Run the below block multiple times to advance the simulation `N` time steps (increase `N` to speed things up). 

Notice how the GPS signal is noisy and unreliable in the short term but stable in the long term, while the odometry is accurate in the short term but drifts away from the true position in the long term. The EKF provides an optimal tradeoff between the two options.

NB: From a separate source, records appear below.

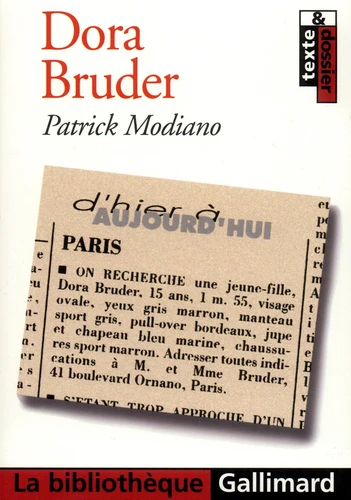 ''PARIS. On recherche une jeune fille, Dora Bruder, 15 ans, 1 m 55, visage ovale, yeux gris-marron, manteau sport gris, pull-over bordeaux, jupe et chapeau bleu marine, chaussures sport marron. Adresser toutes indications à M. et Mme Bruder, 41 boulevard Ornano, Paris.''
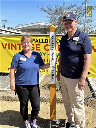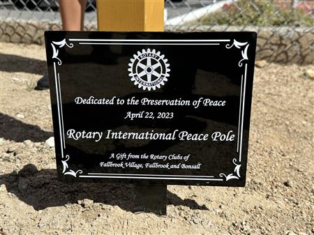 The Rotary Club of Fallbrook, Bonsall Rotary, and the Fallbrook Village Rotary have joined together to purchase and install a Peace Pole. The Peace Pole is a monument that displays the messages "May Peace Prevail on Earth" and “May Peace be in our Homes and Communities” in both English and Spanish. Our Peace Pole is located in Heritage Park, just off Main Ave. in Fallbrook.
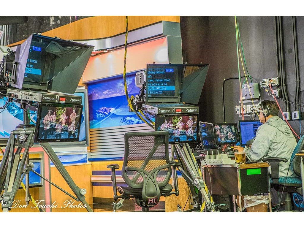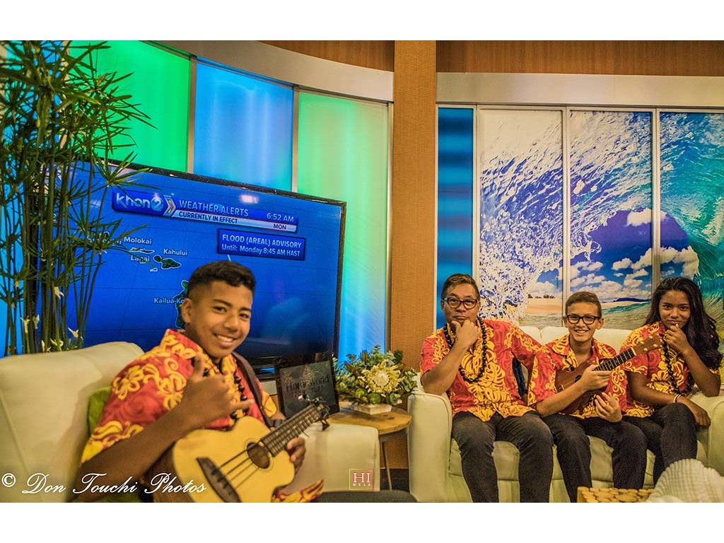 Alan Akaka and the Next Generation steel guitarists and musicians on the Living808 set.
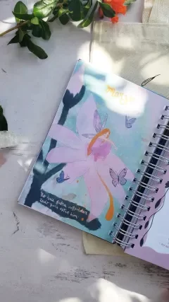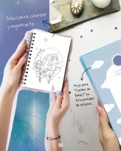 En sus páginas vas a encontrar un espacio para pausar, escribir, crear y volver a vos. Una guía que combina el ritmo de las lunas con propuestas creativas, frases sentipensadas, rituales simples y ejercicios de arteterapia. Todo pensado para que la vivas a tu manera: con colores, dibujos, silencios, lágrimas o carcajadas.
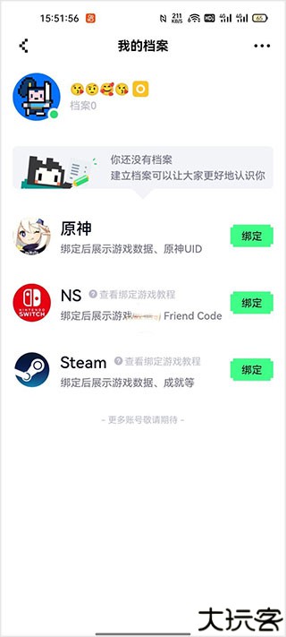 2、需要进入我的档案界面,在这里绑定游戏账号。

Try tweaking the model parameters (e.g. `odometry_stddev` or `gps_stddev`) and check if the trajectory and error signals behave as you'd expect!

In [25]:
N = 5
circle_period = 15
for n in range(time_step, time_step+N):
    
    # control signal
    u = numpy.array([
        -numpy.sin(n / circle_period * 2 * numpy.pi), 
        numpy.cos(n / circle_period * 2 * numpy.pi)
    ])
    u_noisy = u + Q.dot(numpy.random.randn(r_dim))
    
    # Noise-free state (ground truth)
    x_gt.append(motion_model(x_gt[-1], u))
    
    # Noisy odometry
    x_odom.append(motion_model(x_odom[-1], u_noisy))
    
    # EKF prediction step
    x_predict = motion_model(x_ekf[-1], u_noisy)
    P_predict = A.dot(P).dot(A.T) + B.dot(Q.dot(Q.T) *10 ).dot(B.T)
    
    # EKF update step
    S = H.dot(P).dot(H.T) + T.dot(T.T)
    K = P.dot(H.T).dot(numpy.linalg.inv(S))
    
    z.append(H.dot(x_gt[-1]) + T.dot(numpy.random.randn(w_dim)))
    x_ekf.append(x_predict + K.dot(z[-1] - H.dot(x_predict)))

time_step += N

ax_trajectory.clear()
plot_state(x_odom, ax_trajectory, '*-', label='Only steering')
plot_state(z, ax_trajectory, '*-', label='Only GPS')
plot_state(x_ekf, ax_trajectory, '*-', label='EKF estimate')
plot_state(x_gt, ax_trajectory, '*-', label='Actual trajectory')
ax_trajectory.legend()
ax_trajectory.axis('equal')
ax_trajectory.set_title('Trajectory + Estimates')
ax_trajectory.set_xlabel('x')
ax_trajectory.set_ylabel('y')

ax_error.clear()
plot_error(x_odom, x_gt, ax_error, label='Only steering')
plot_error(z, x_gt[1:], ax_error, label='Only GPS')
plot_error(x_ekf, x_gt, ax_error, label='EKF estimate')
ax_error.set_title('Estimation errors')
ax_error.set_xlabel('timestep')
ax_error.set_ylabel('error')
ax_error.legend()

<matplotlib.legend.Legend at 0x7fec664a0fd0>